Variables

Allows user to investigate how the variables contribute to the principal component analysis (PCA).

This sub-tab focuses on the relationship between your original variables (columns) and the principal components (PCs) that were calculated. It helps you understand which variables drive the variance captured by each PC and how well the variables are represented in the reduced PCA space.

This visualization within the Variables sub-tab helps you understand how your original variables relate to the principal components (PCs) and to each other in the reduced PCA space. It's often called a "Correlation Circle" or "Loadings Plot".

PANDORA typically provides two versions of this plot:

Correlation Plot (Colored by Quality): Variables colored based on how well they are represented in the plot.
Correlation Plot Clustered: Variables colored based on cluster analysis performed on their PCA coordinates/loadings.

How to Interpret the Correlation Circle

Variables as Arrows: Each arrow represents one of your original variables.

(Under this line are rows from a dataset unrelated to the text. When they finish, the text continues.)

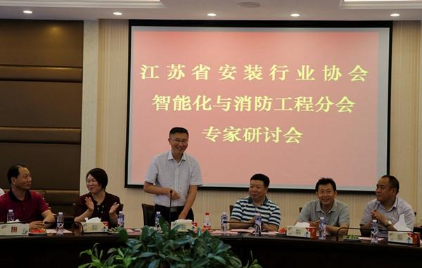 2017年6月16-17日,江苏省安装行业协会智能化与消防工程分会专家研讨会在江苏天诚智能集团有限公司隆重召开。参加会议的有中国安装协会智能化与消防工程分会会长、江苏省安装行业协会智能化与消防工程分会会长陈晓,江苏省安装行业协会智能化与消防工程分会常务副会长吴星红,副会长刘昌华、陈曦、顾永松、徐本裕,常务副秘书长席天阳,副秘书长祖咏、王建明、余晶,专家委员会名誉主任叶浩生、副主任万里远、张荣生及专家等60多人。江苏南工科技集团有限公司执行董事陈俊桦参加了会议。
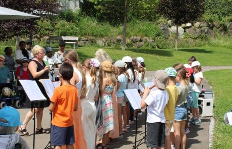 Bei strahlendem Sonnenschein spielte eine gut gelaunte und kunterbunte Kinderschar ein wunderbares Flötenkonzert im GERBE-Park.
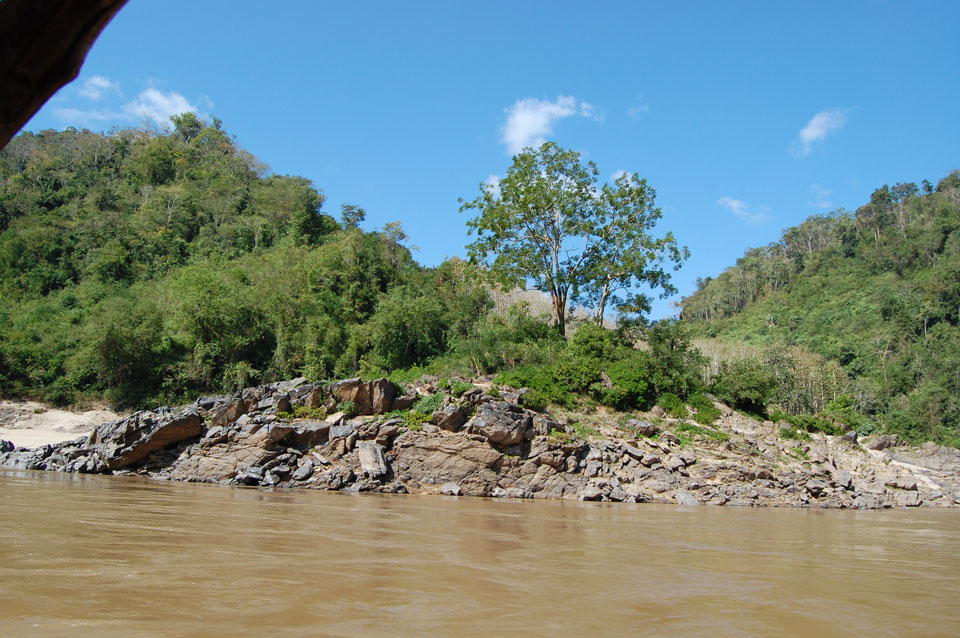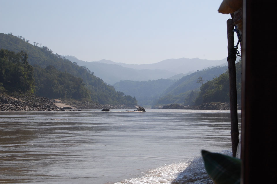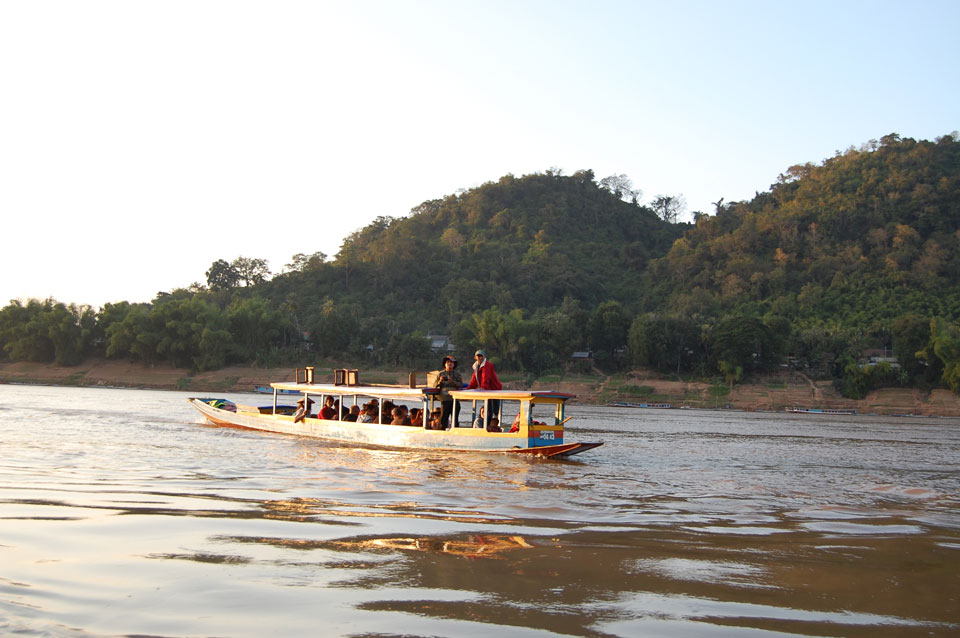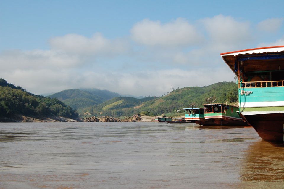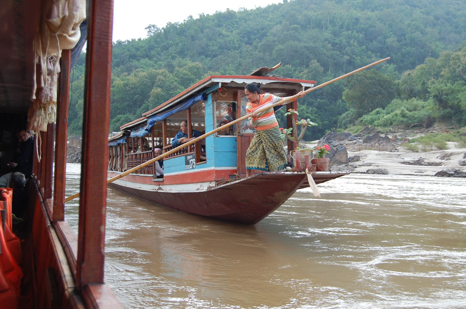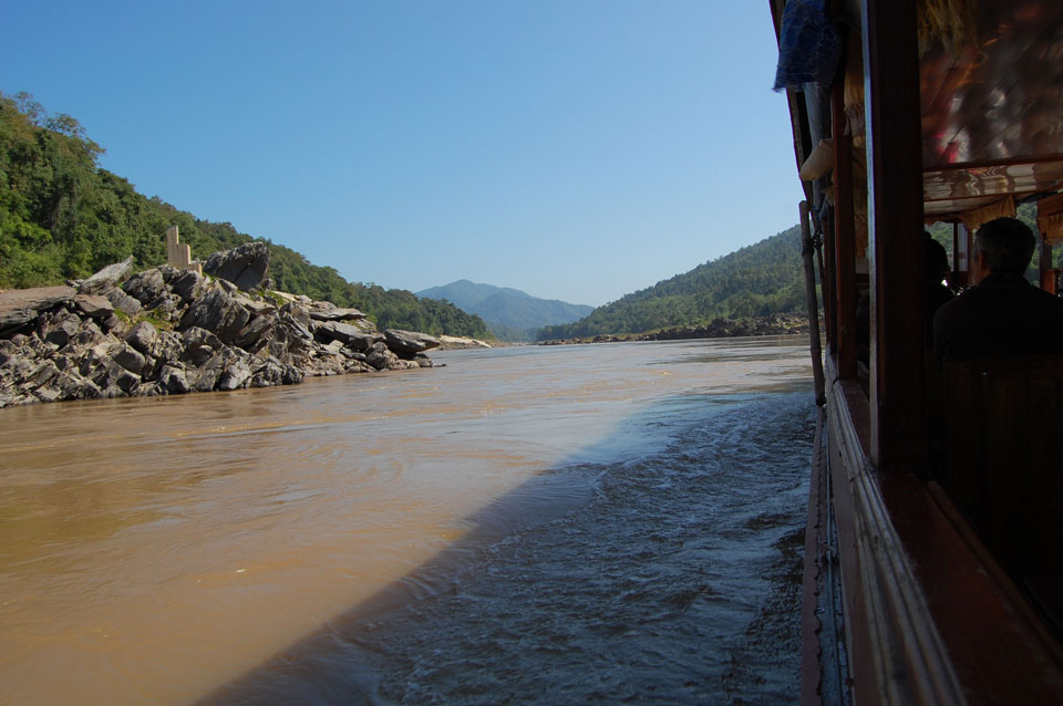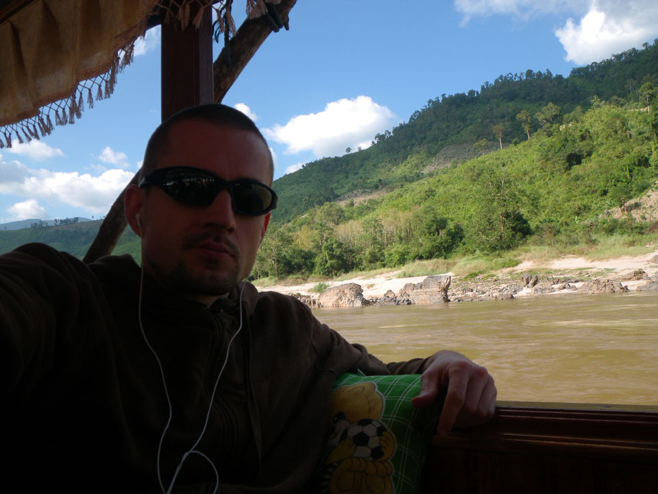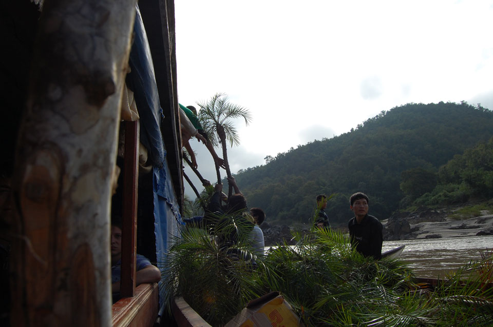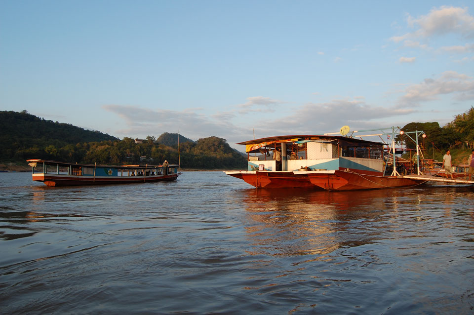 Ich genoss die Fahrt auf dem Mekong durch eine wunderbare Landschaft. Das war heute wieder eine nette Art zu reisen. An einem Halt wollten Dorfbewohner Sachen verkaufen – Stoffe und ein paar tote Waschbären? Mein Proviant war auch genau richtig – die restlichen Bananen von gestern verputzte ich auch noch. Irgendwie war ich dann doch etwas fertig – bissel Kopfschmerzen und müde.
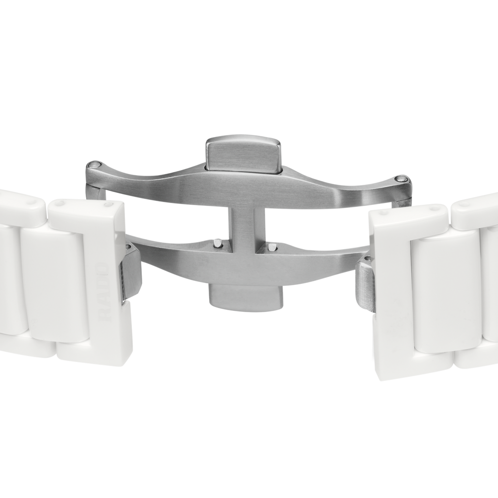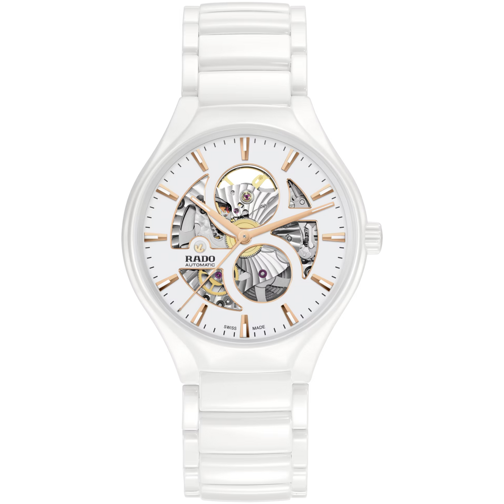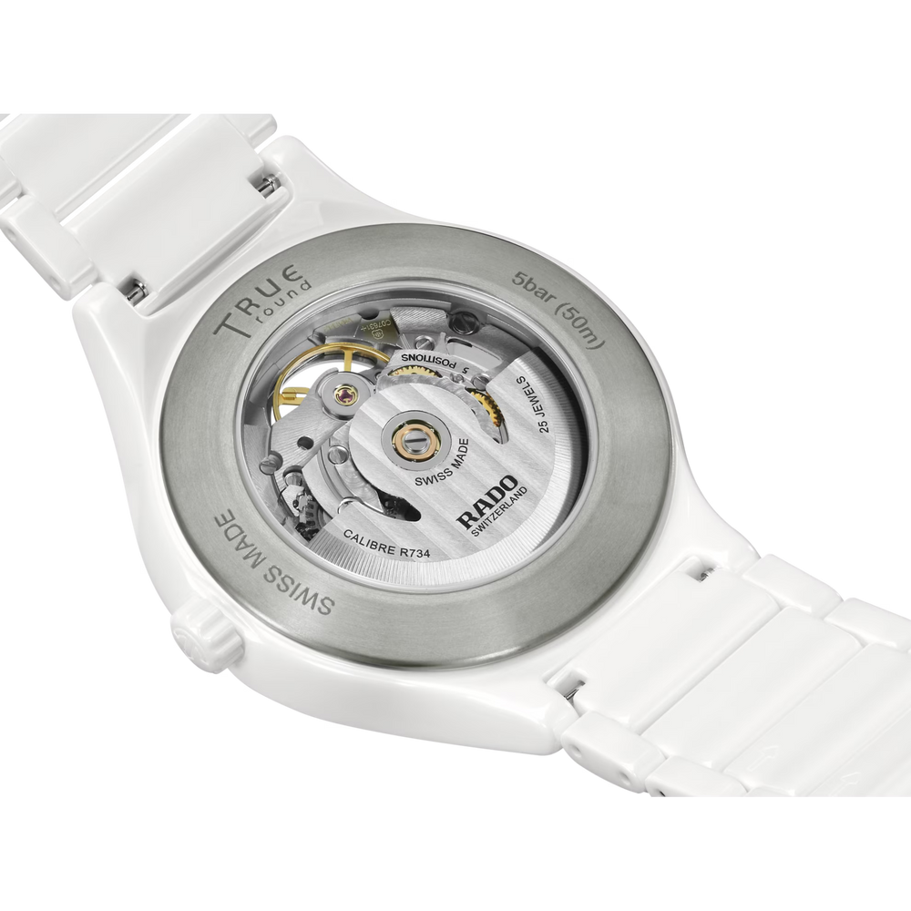 Mit der Rado True Round Open Heart erleben Sie die perfekte Verbindung von exzellentem Design und meisterhafter Materialbeherrschung. Dieser bemerkenswerte Zeitmesser besticht durch sein bezauberndes Open-Heart-Design mit durchbrochenem Zifferblatt, durch das man die komplexe Mechanik des Rado Automatikwerks Kaliber R734 bewundern kann. Das Modell ist zudem mit einer antimagnetischen Nivachron™ Spiralfeder ausgestattet und bietet eine Gangreserve von 80 Stunden. Es verfügt über ein Monobloc-Gehäuse und eine Krone aus polierter weisser Hightech-Keramik und einen Gehäuseboden aus Titan mit eingelassenem Saphirglas, das einen atemberaubenden Blick auf das Uhrwerk freigibt. Das Modell hat ein weisses Zifferblatt mit Sonnenschliff, roségoldfarbenen Facetten und einer grauen Minuteneinteilung. Farblich perfekt abgestimmt ist auch das Armband aus polierter weisser Hightech-Keramik mit einer Dreifach-Faltschliesse aus Titan. Die Uhr ist wasserdicht bis zu einem Druck von 5 bar (50 m). Die Rado True Round Open Heart ist eine jener Uhren, die nicht nur durch und durch zeitgenössisch sind, sondern auch über eine Langlebigkeit und einen Stil verfügen, die sie zu echten Erinnerungsstücken machen.
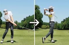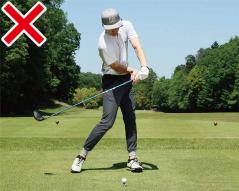 それにドライバーは振り遅れやすいクラブでもあります。飛ばそうとしてカラダの動きが過剰になると余計に振り遅れてフェースの芯に当たらないし、結果的にクラブがスムーズに振り切れず、フィニッシュの体勢が崩れやすい。コレがキレイなスイングで振れなくなってしまう要因です。
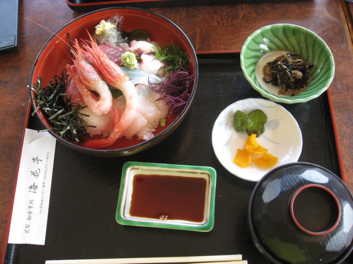 07:38:26 Our lunch, a rather great "Kai-nantoka-don" where "nantoka" means that I don't remember the word, while Kai is shells and don is the rice underneath... |
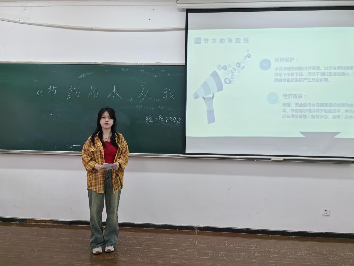 商经2241班班主任叶洪涛向同学们介绍到:“第47届联合国大会将每年的3月22日定为‘世界水日’,而我国将每年的3月22日至28日定为‘中国水周’,以此来唤醒大家的节水意识,加强水资源保护”。经济2342班辅导员陈白鸽为班级同学讲解了今年“中国水周”的主题“精打细算用好水资源,从严从细管好水资源”,强调了水资源管理不到位、利用率低、严重短缺的现状。国贸2142班班长何秋艳从自身经历出发,分享了生活中的节水小常识,提醒同学们保护水资源要从我做起、身体力行。专题学习过后,各班组织员工参与了“节水竞答”。
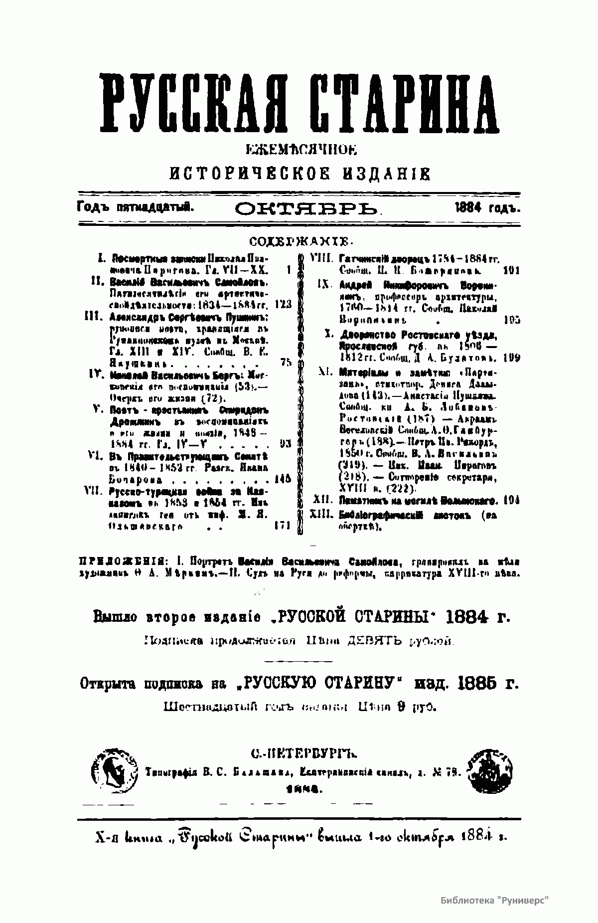 Русская старина. Томъ XLIV. 1884. Выпуски 10-12
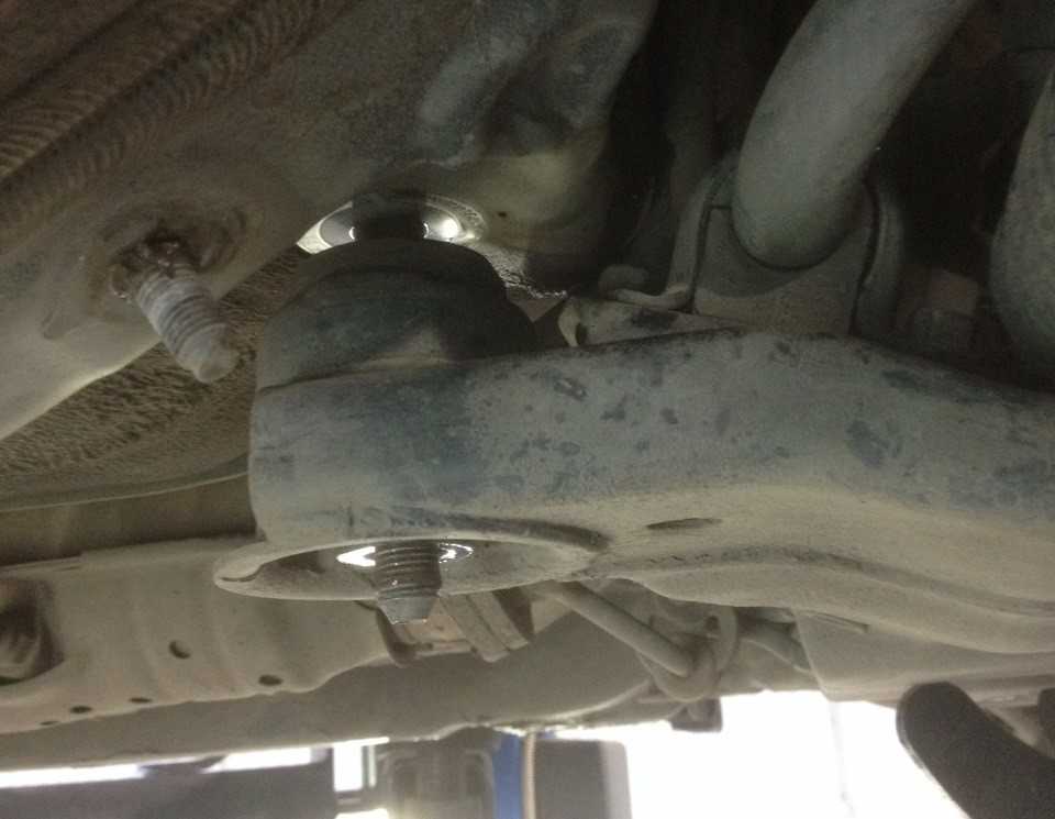 - Плавно опускаем домкрат на несколько сантиметров от кузова. Благодаря этому несколько опускается и подрамник, открывая доступ к втулкам.

The endpoint of the arrow shows the variable's coordinates on the chosen principal components (typically PC1 on the X-axis and PC2 on the Y-axis).
Correlation with PCs:
- Variables with arrows pointing strongly towards the right have high positive correlations with PC1.
- Variables pointing strongly towards the left have high negative correlations with PC1.
- Variables pointing strongly upwards have high positive correlations with PC2, and downwards indicate negative correlations with PC2.
Relationship Between Variables:
- Positively Correlated: Variables whose arrows point in roughly the same direction are positively correlated with each other.
- Negatively Correlated: Variables whose arrows point in roughly opposite directions (across the origin) are negatively correlated with each other.
- Uncorrelated: Variables whose arrows are roughly perpendicular (90 degrees) are likely uncorrelated.
Quality of Representation (Distance from Origin):
- The further an arrow extends from the origin (center), the better that variable's variance is represented by the two principal components shown in the plot. Variables close to the origin are not well represented in this specific 2D view (their variance might be explained by other PCs not plotted).

Specific Plot Types

Correlation Plot (Colored by cos2):
- In this version, the color of each arrow typically indicates its quality of representation (cos2) on the factor map (the current plot).
- Warmer colors (like red/orange) usually signify higher cos2 values, meaning the variable is well-represented in this plot. Cooler colors (like blue/green) indicate lower cos2 values.
Correlation Plot Clustered:
- This plot applies a clustering algorithm (like k-means) to the variables based on their coordinates (loadings) on the principal components.
- Variables are colored according to the cluster they belong to. This helps visually identify groups of variables that have similar profiles or contributions across the principal components.

Download Options

You can usually download these plots as SVG files (recommended for scalability) or right-click to save them as PNG images directly from PANDORA.

This section within the Variables sub-tab provides plots that specifically focus on the quality of representation (cos2) for each variable in the principal component analysis. This helps you understand how well the variance of each original variable is captured by the principal components you are examining (typically the first few).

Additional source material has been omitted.